J'étais à Nanterre en sociologie en 1967 et 1968. La grève de 1967 nous a beaucoup occupés mais surtout les cours de Kurt Wolff qui venait de l’Université Brandeis (Massachussetts) et qui parlait de Berkeley et d'Angela Davis. Nous nous battions avec Philippe Meyer pour éviter d'avoir trop de séminaires de psychologie sociale. Maisonneuve nous ennuyait.
Comment savoir ce qui resterait dans l'histoire et ce qui ne resterait pas ?

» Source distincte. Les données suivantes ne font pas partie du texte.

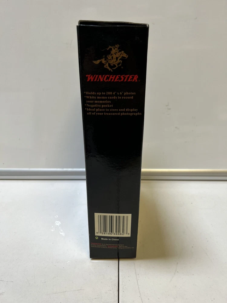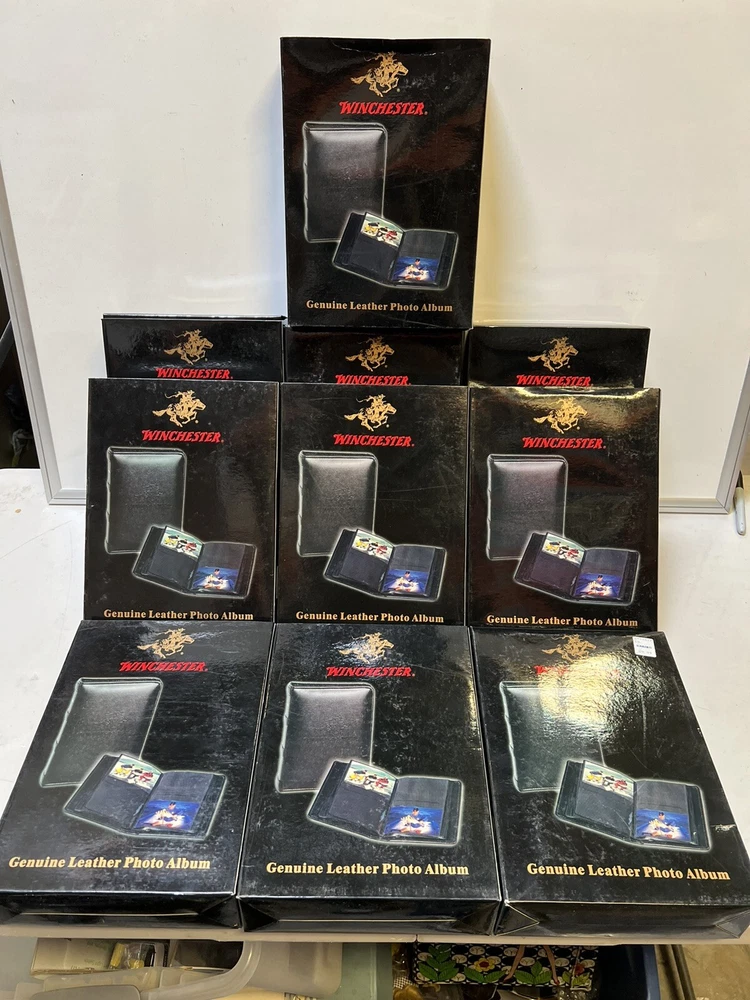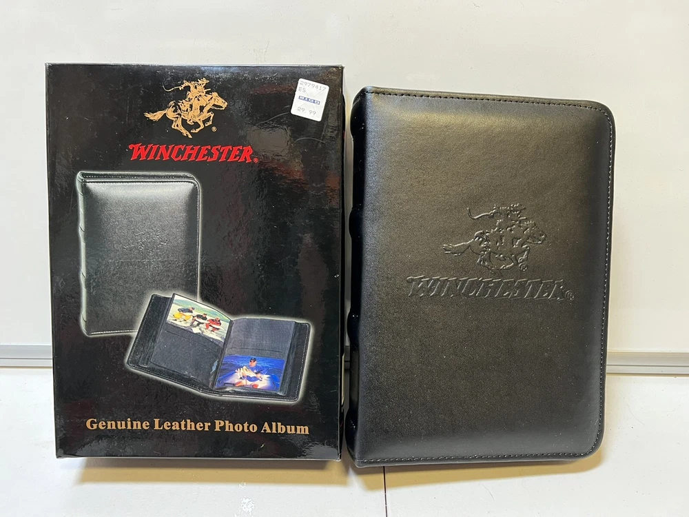 @ NIB NEW Winchester Hunting Fishing Photo Album 4x6" Black Genuine Leather. Brand new in box. Has not been used. Tote photo albums. Black shelf against wall. Verified...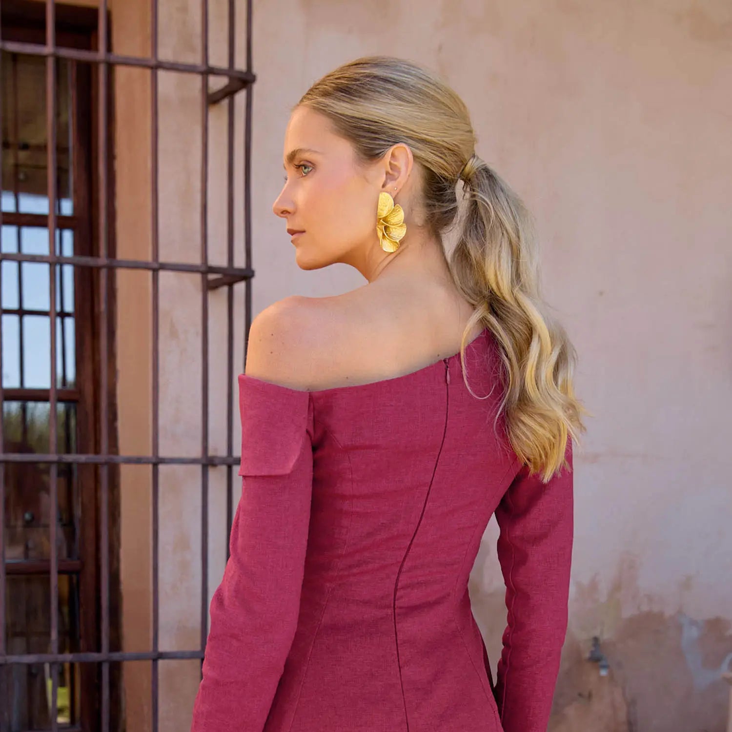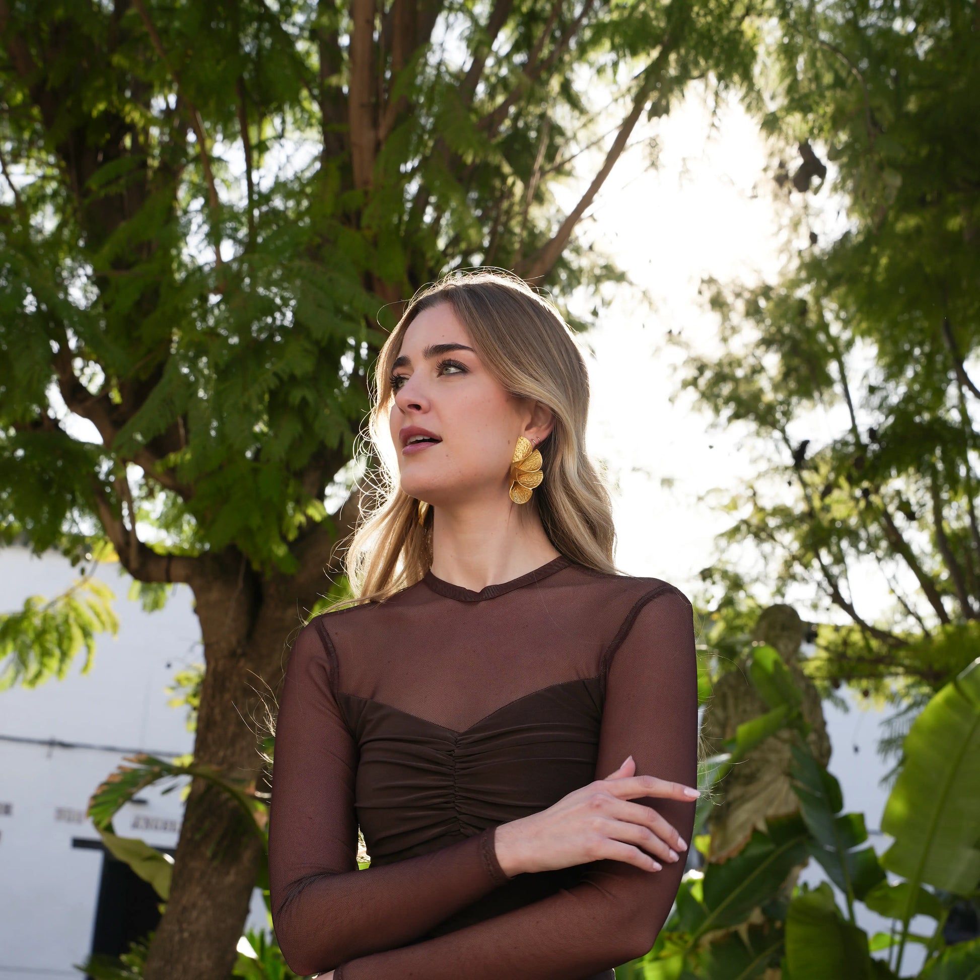 These four folded leaf earrings are a true visual luxury. Each leaf, with its cartouche shape, overlaps precisely, forming a semicircle that elegantly and modernly embraces the ear. The geometry and folds capture light in a unique way, creating a sophisticated shimmer that effortlessly commands attention. A sculptural and refined design, created for those seeking a striking, elegant, and utterly irresistible accessory.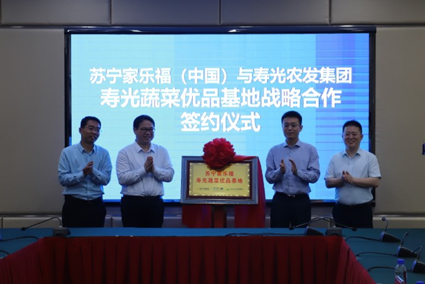 (圖:蘇寧家樂(lè)福壽光蔬菜優(yōu)品基地戰(zhàn)略合作簽約儀式)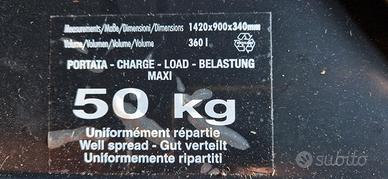 Vendo bagagliera Fapa dimensione: 1420×900×340 mm; volume: 360 litri; portata: 50 kg. comprese barre porta bagagliera sempre marca Fapa. Munita di due serrature con relative chiavi. Consegna diretta.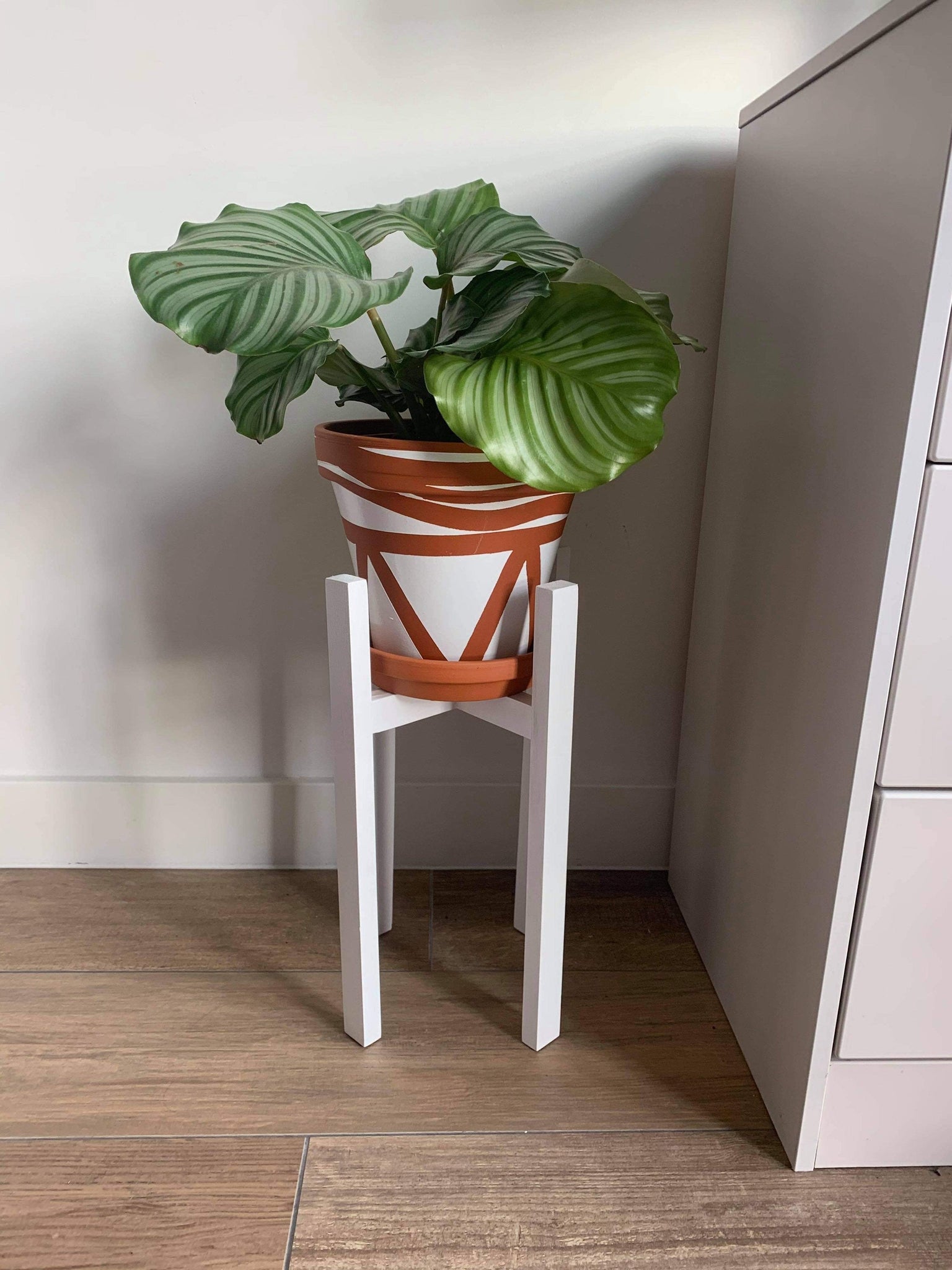 The stand is hand cut , hand painted and hand assembled, we at PlantManiax are proud of what we do and this line of stands its just one of the many we do. The stands are made to support weight and they come with pads under the feet to make sure the floor does not get scratched whether is carpet, wood floor or tiles.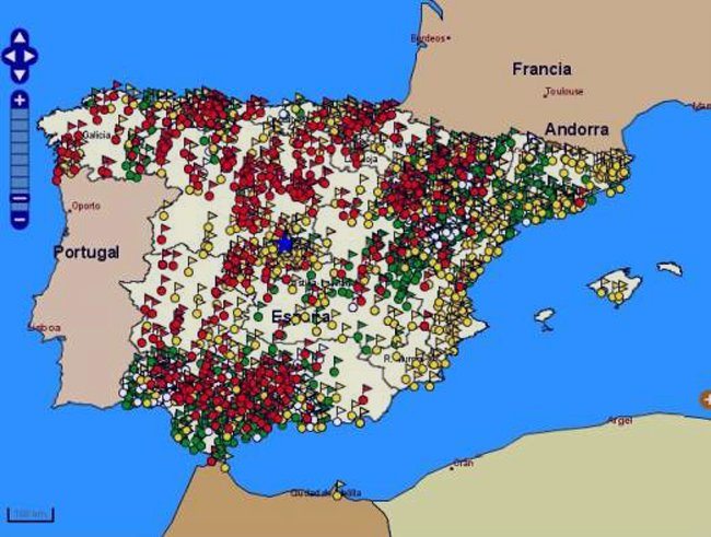 En ella se muestran todas las fosas de las que tiene constanciala oficina de víctimas: las exhumadas, las que sólo lo han sido parcialmente, las que contenían cuerpos que fueron trasladados en su día al Valle de los Caídos, las que han desaparecido porque sobre ellas se ha construido algún tipo de infraestructura y las que todavía no han sido tocadas.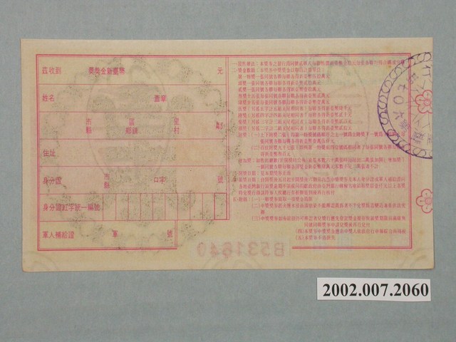 基本發行張數為六十萬張,橫式設計,壽字圖,「恭祝總統華誕」,底列編號「B531640」新速實簡浮水印,「愛國獎券」,「中華民國六十年十一月五日開獎」,「臺灣省政府委託臺灣銀行發行」,「第607期」,「新臺幣拾圓」,「乙聯」。

Finalement, nous nous sommes très doucement aperçus qu'il se passait quelque chose de grave. J'ai été invitée à l'École nationale d’administration (ENA) pour expliquer à la direction très intéressée par le mouvement ce que nous faisions. Bizarrement, ces hauts fonctionnaires ne semblaient pas tant que ça au courant. Je suis allée aussi voir un juriste, Gérard Lyon-Caen, avec Dany Cohn-Bendit pour nous renseigner sur son problème… de nationalité. Quelques mois plus tard, ce même juriste m'a demandé si c'était bien avec Dany Cohn-Bendit que j'étais allé le voir !!
Quelques camarades étaient assez réservés pour s'engager, même si ensuite ils ont crié qu'ils en avaient été. À Renault, fin mai, personne n'a voulu m'accompagner sauf mon père, un vieux résistant. Nous étions derrière les grilles de Billancourt et je me sentais un peu honteuse et désespérée.
Au milieu des sociologues et évidemment à côté de Dany Cohn-Bendit et de ses camarades et de bien d'autres, j'assistais aux assemblées générales, j'allais péniblement en solex ou en vélo à Paris et je faisais des tâches qui revenaient « de droit » aux femmes : accueil téléphonique et contacts avec l'étranger car je baragouinais mieux que d'autres.
J'ai eu la chance de partir en Angleterre quand la France commençait à se lasser. Des camarades cachaient de la drogue dans leurs chaussettes, cela me déplaisait, c'était léger face aux événements. Nous nous prenions pour Lafayette. À la LSE avec Geismar et Dany Cohn-Bendit, les étudiants sont restés de glace. À l'université de Kent, ils ont été plus réceptifs. Mais très vite nous avons su qu'il fallait reprendre dare-dare le bateau et passer par la Belgique. Le général avait repris les rênes.
À la fin du mois de juin, nous courrions après nos professeurs pour faire valider nos examens car pendant ces longs mois agités, nous travaillions et l'action venait nourrir nos lectures arides. Henri Raymond, qui disait qu'il ne méritait pas son salaire, vu qu'il n'avait pas pu enseigner, a loué pour ses étudiants une villa pour que nous apprenions à faire des exposés. Il était génial.
Dany Cohn-Bendit ayant eu la bonne idée de pousser le ministre dans la piscine[1], nous nous vîmes offrir trois mois au Québec avec des bourses mirifiques de 7 dollars par jour à l'OFQJ pour étudier le développement local en Gaspésie. Philippe Meyer était dans le groupe et proposait des entretiens à des journalistes. À l'université de Montréal, on entendait la radio de la fac dire : « Attention, il y a des révolutionnaires dans l'université. »
Ensuite je suis devenue sociologue et même professeur : 40 ans de sociologie et je continue.
[1] En réalité, lors de l’inauguration officielle de la piscine de la faculté de Nanterre le 8 janvier 1968, le ministre de la Jeunesse et des Sports François Missoffe a été simplement pris à partie par Daniel Cohn-Bendit, qui lui reprocha l’éviction de la question de la sexualité dans le Livre blanc sur la jeunesse que le ministre venait de publier.